Why Health Insurance Claims Are Denied

In their policies, health insurers list reasons they would deny a claim. Such language preserves the nature of insurance--that is, that many insured people pay a premium equal to their expected losses, and each insured has a low probability of a loss significantly larger than the premium. If many insured people have expected losses far higher than their premiums, then the assumptions behind premium calculations are understated and the insurer may not be profitable, or even sustainable. From the insured's side, claim rejections can seem subjective and arbitrary. Fortunately, legal procedures allow appeals to reconcile differences over claim validity.
  1. Pre-existing Condition

    • An insurer uncovering evidence that the claimed medical condition existed before the insurance policy began is grounds for claim rejection when the policy has a pre-existing condition exclusion clause. An insurer may even reject a claim for an unrelated illness that was not pre-existing, if it can find a pre-existing condition that was not disclosed in the original policy application. The basis of such a rejection is that the policy would not have been offered in the first place if the candidate had disclosed the pre-existing condition at the start.

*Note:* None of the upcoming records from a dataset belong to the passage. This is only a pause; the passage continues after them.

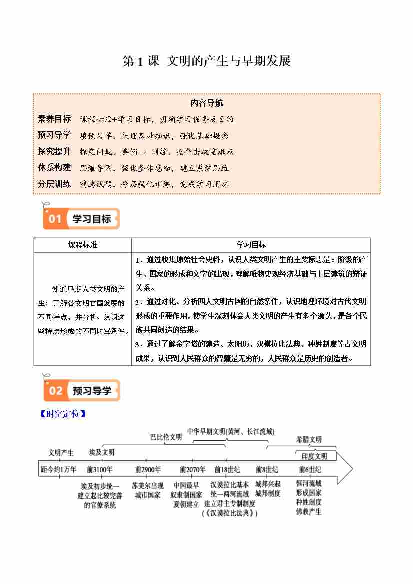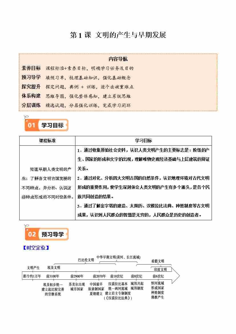 第1课 文明的产生与早期发展 (学生版)
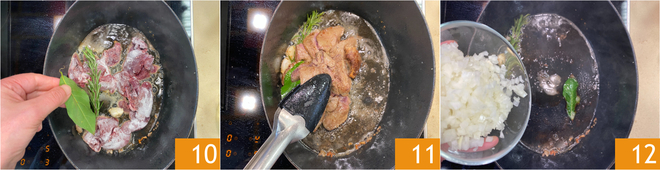 Aromatisez avec le romarin et le laurier 10 et faites bien rissoler, puis retirez également le foie de la cocotte 11 et réservez-le. Il est important que le fond de cuisson ne brûle pas. À ce stade, versez dans la cocotte l'oignon haché 12.
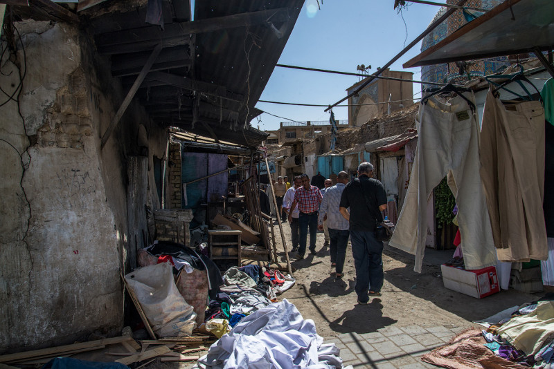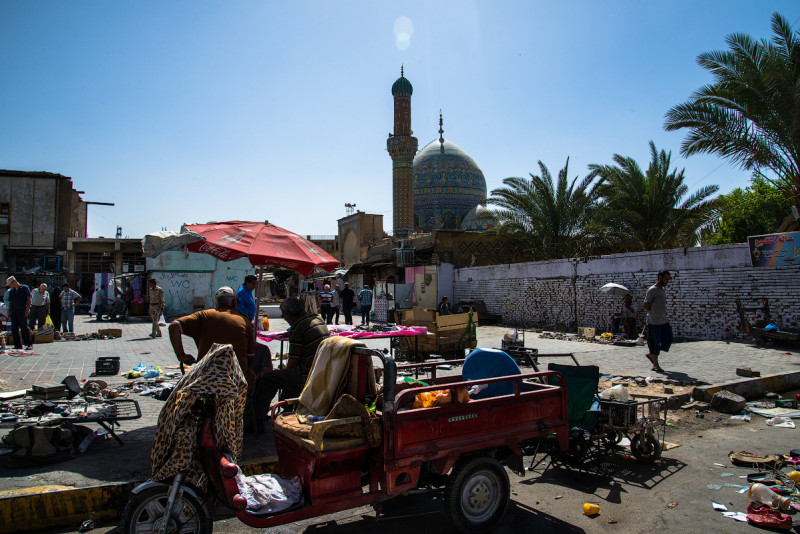 Отель явно лучше, чем в Наджафе, а завтрак - так вообще несопоставим, наедаемся от пуза. Адам назначает выезд на 10:30. В назначенное время выходим, и садимся в микроавтобус. Некоторое время едем шустро, но на подъезде к старому городу вязнем в пробках. Нас высаживают в самой старой части Багдада, неудивительно, что сейчас здесь рынок. Везде - множество чек-пойнтов, при проходе в любое мало-мальски заполненное народом место приходится проходить процедуру обыска с ощупыванием и предъявлением сумки в открытом виде. Сегодня пятница, и множество людей устремляется после обеда в мечети на пятничную молитву.
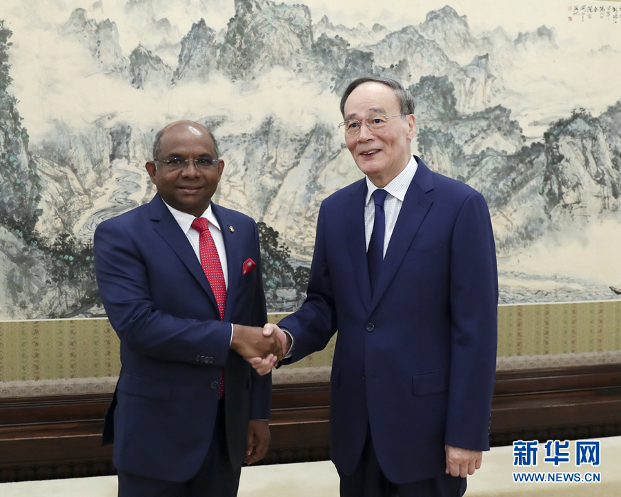 9月19日,國家副主席王岐山在北京中南海會見馬爾代夫外長沙希德。 新華社記者 丁海濤 攝

    Unlikely to Improve with Treatment

    • Medicare claims adjusters may deny a claim because the treatment is unlikely to improve the patient’s condition. The denial may not state this explicitly, but instead use words like “stable,” “chronic,” and “no restorative potential.” Such a ruling can be overturned on appeal.

    Lack of Progress

    • If your condition requires long-term care, or you have received long-term care with only modest recovery, Medicare may deny you continued coverage.. Such a ruling might be overturned on appeal.

    Incorrect Coding

    • An insurer may not accept a claim because the coding was wrong. The patient can resolve this by having the physician resubmit the corrected code.

    Other Reasons

    • Other reasons that a health claim may be denied, as outlined in standard health policies, include the insured not providing certification of the condition by a licensed health care provider; the policy not providing coverage for the service, such as home nursing care; or the insured not having full-time employee status.